Nigerian Eurobond Yields Climb on Shifting Market Dynamics

DMO Set To Auction N150bn Bond On FG's Behalf

Nigeria’s Eurobond market ended on a soft note, with the average yield rising slightly by three basis points to 7.77%, underscoring weaker investor sentiment against a backdrop of evolving market dynamics.

Nigeria’s disinflation that shifted the real interest rate to 7.38% had fuelled increased demand for Nigeria’s US dollar-denominated bonds in the international market. The country’s borrowing cost is anticipated to decline in reaction to economic reforms and rising investor confidence. Markets anticipate some portfolio adjustments by offshore investors as the U.S. slashed rates on Wednesday.

African Eurobonds traded mixed to bearish after the Federal Reserve delivered its first rate cut of 2025, reducing rates by 25 bps as widely expected, fixed income market analysts said in a note.

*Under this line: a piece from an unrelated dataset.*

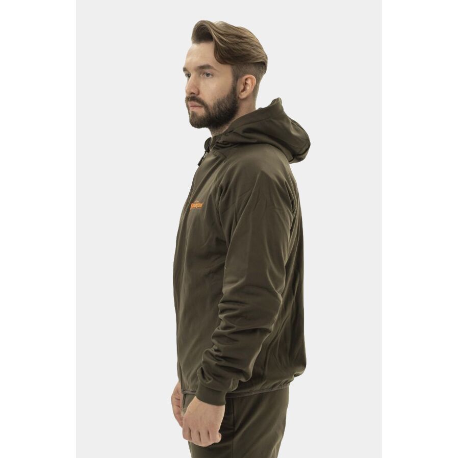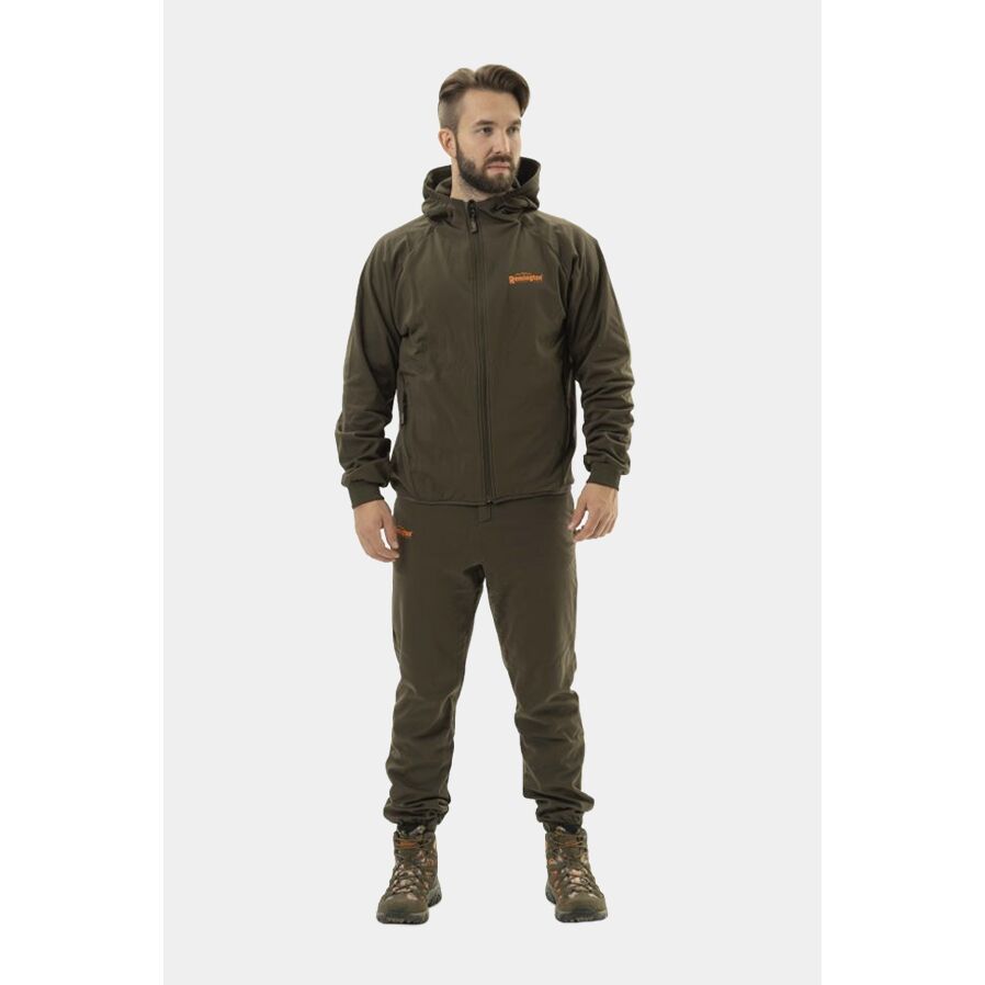 Костюм Remington Alabama Professional Dark Olive изготовлен из обновленной, усиленной ткани с плотностью 320 г/м², что увеличивает износостойкость изделия. Ткань эластичная, не сковывает движения, что обеспечивает комфорт в процессе эксплуатации. Костюм можно использовать как самостоятельное изделие или в качестве утепляющего слоя. Манжеты на рукавах и резинка по низу брюк обеспечивают плотное прилегание и защиту от ветра. Втачной капюшон сохраняет тепло головы и служит дополнительным элементом маскировки.

The Fed downplayed inflation risks to boost employment. Fed Chair Powell described the move as a “risk management cut,” citing labor market deterioration amid persistent inflation. Policymakers signalled two additional cuts this year, prioritizing economic slowdown concerns over inflation risks.

The decision unfolded amid heightened scrutiny over Fed independence. President Trump’s newly confirmed appointee, Stephen Miran, dissented in favour of a 50 bps cut, while Lisa Cook participated after a court blocked her removal.

Nigerian Eurobond yields rose 3 bps to 7.77% on average. The market    is likely to be mixed with some profit-taking, as investors had priced in the 25 bps rate cut.

Yields on U.S. Treasury edge lower after the Fed cut interest rates. The two-year Treasury yield eases 0.7 basis point to 3.537%, the 10-year yield declines 1.2 basis points to 4.063%, while the 30-year yield falls 1.6 basis points to 4.657%, according to Tradeweb data

Oil prices slipped on Wednesday as rising U.S. diesel stockpiles raised demand concerns, while markets awaited the Federal Reserve’s rate decision. Brent crude fell 25 cents, or 0.37%, to $68.22 a barrel, and U.S. WTI dipped 21 cents, or 0.33%, to $64.31.

Gold, meanwhile, surged to a fresh record after the Fed cut rates by 25 basis points and signaled more easing ahead. Spot gold hit $3,707.40 before settling 0.2% lower at $3,681.39.

 U.S. gold futures for December delivery also eased 0.2% to $3,717.80, though sentiment stayed upbeat with bullion holding near all-time highs.

The rate cut, along with projections for two additional 25 bps reductions this year, signals that Fed officials are increasingly downplaying the inflation risks from Trump’s trade policies and shifting focus toward weakening growth and rising unemployment concerns.